Entries supplied |
--------------------------------------------------
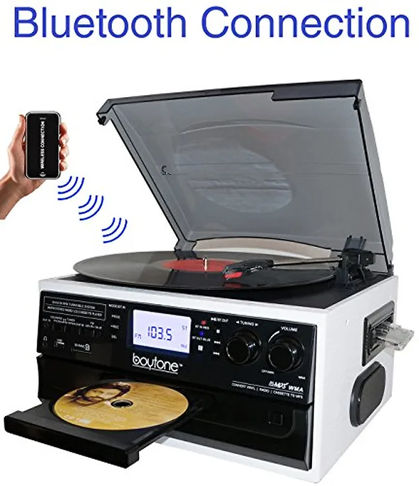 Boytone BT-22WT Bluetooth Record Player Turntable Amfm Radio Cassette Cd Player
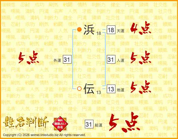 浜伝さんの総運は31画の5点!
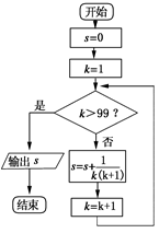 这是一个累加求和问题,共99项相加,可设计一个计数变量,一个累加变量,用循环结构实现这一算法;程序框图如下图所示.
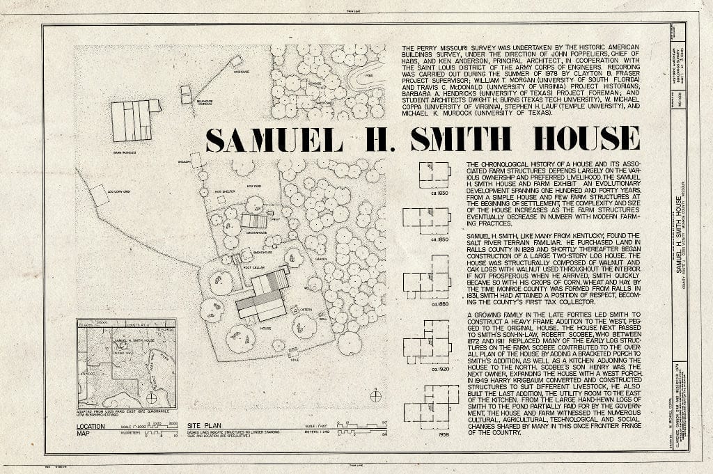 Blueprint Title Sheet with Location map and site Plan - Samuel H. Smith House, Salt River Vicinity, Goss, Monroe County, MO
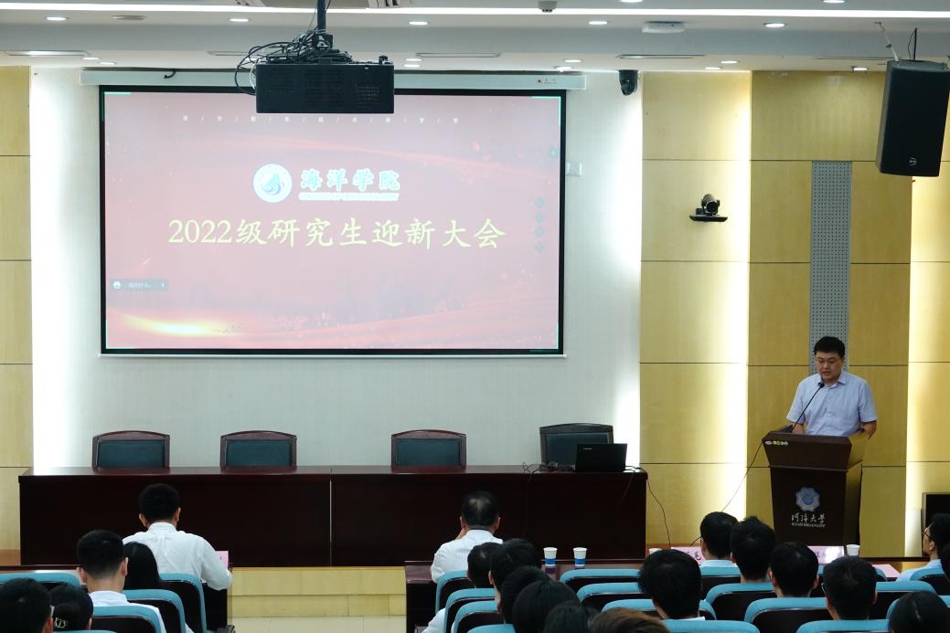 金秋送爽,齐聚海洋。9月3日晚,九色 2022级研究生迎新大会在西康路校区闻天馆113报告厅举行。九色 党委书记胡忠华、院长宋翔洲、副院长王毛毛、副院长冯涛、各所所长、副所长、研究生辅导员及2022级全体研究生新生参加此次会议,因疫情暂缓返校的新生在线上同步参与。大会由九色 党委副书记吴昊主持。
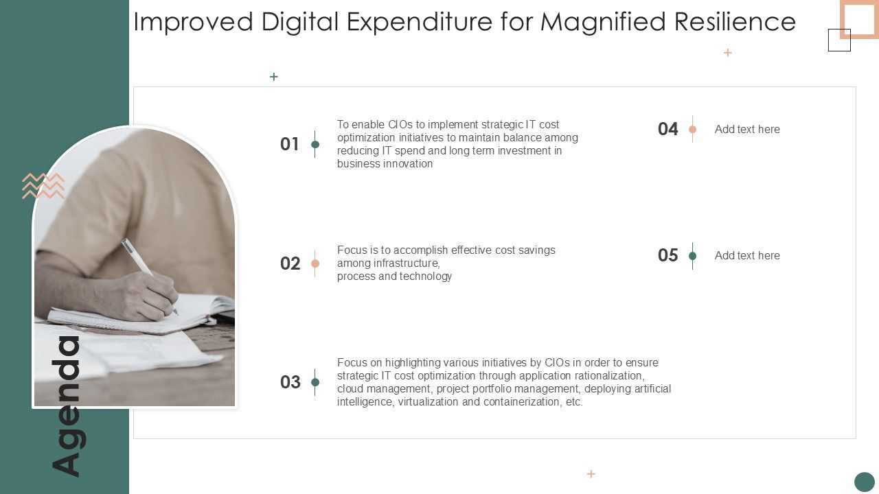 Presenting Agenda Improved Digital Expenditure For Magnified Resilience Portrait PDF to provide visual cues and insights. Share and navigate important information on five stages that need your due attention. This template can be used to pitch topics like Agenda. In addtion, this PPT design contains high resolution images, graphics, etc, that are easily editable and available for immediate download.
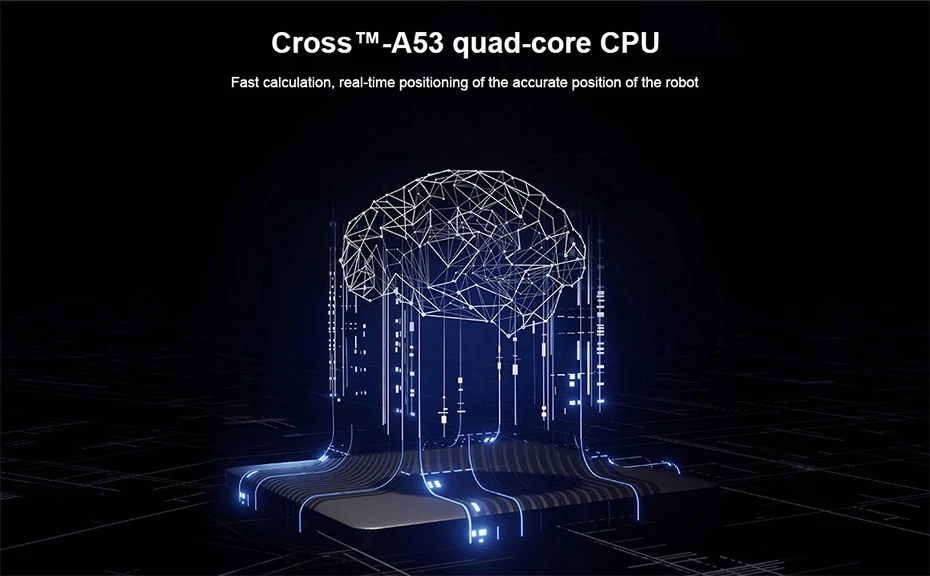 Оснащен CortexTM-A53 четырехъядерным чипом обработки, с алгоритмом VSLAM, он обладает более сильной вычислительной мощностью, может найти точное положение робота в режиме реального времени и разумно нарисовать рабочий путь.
--------------------------------------------------
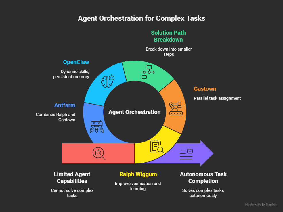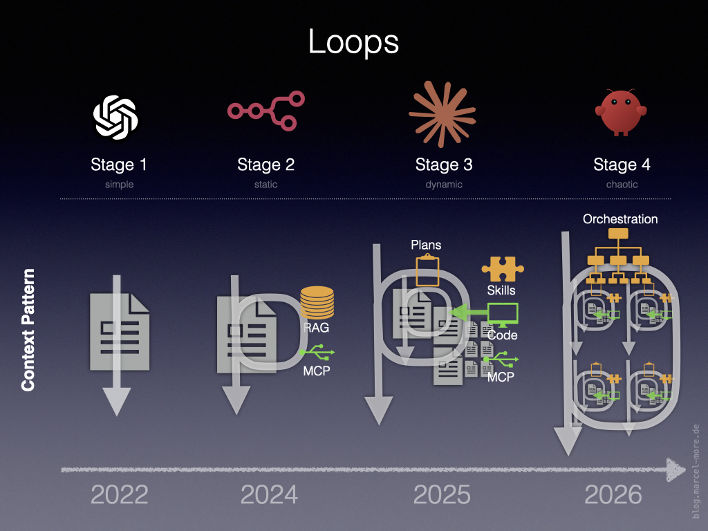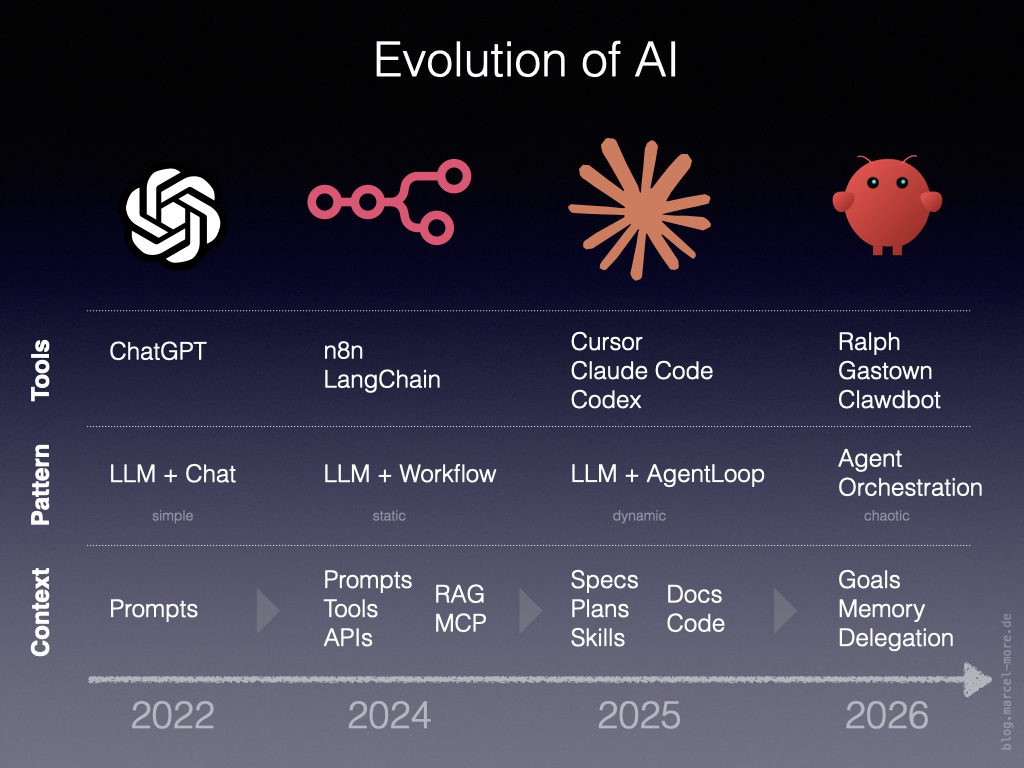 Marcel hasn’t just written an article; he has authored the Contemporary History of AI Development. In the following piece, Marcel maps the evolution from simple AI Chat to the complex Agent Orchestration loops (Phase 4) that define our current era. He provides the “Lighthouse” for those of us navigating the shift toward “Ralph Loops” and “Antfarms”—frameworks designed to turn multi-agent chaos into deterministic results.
--------------------------------------------------
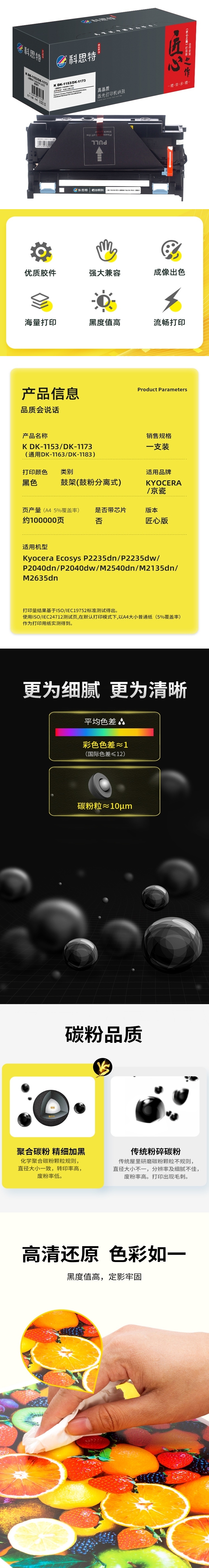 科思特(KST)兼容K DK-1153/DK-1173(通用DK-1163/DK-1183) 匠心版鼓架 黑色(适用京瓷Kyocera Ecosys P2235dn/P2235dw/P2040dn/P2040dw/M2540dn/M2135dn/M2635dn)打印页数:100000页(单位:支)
--------------------------------------------------
Instructions for the task | Reproduce, word for word, everything in the listing above from the line containing "Presenting Agenda Improved" down to the line containing "Оснащен CortexTM-A53 четырехъядерным", both of them included. No pictures.

Solved exercise |
 Presenting Agenda Improved Digital Expenditure For Magnified Resilience Portrait PDF to provide visual cues and insights. Share and navigate important information on five stages that need your due attention. This template can be used to pitch topics like Agenda. In addtion, this PPT design contains high resolution images, graphics, etc, that are easily editable and available for immediate download.
 Оснащен CortexTM-A53 четырехъядерным чипом обработки, с алгоритмом VSLAM, он обладает более сильной вычислительной мощностью, может найти точное положение робота в режиме реального времени и разумно нарисовать рабочий путь.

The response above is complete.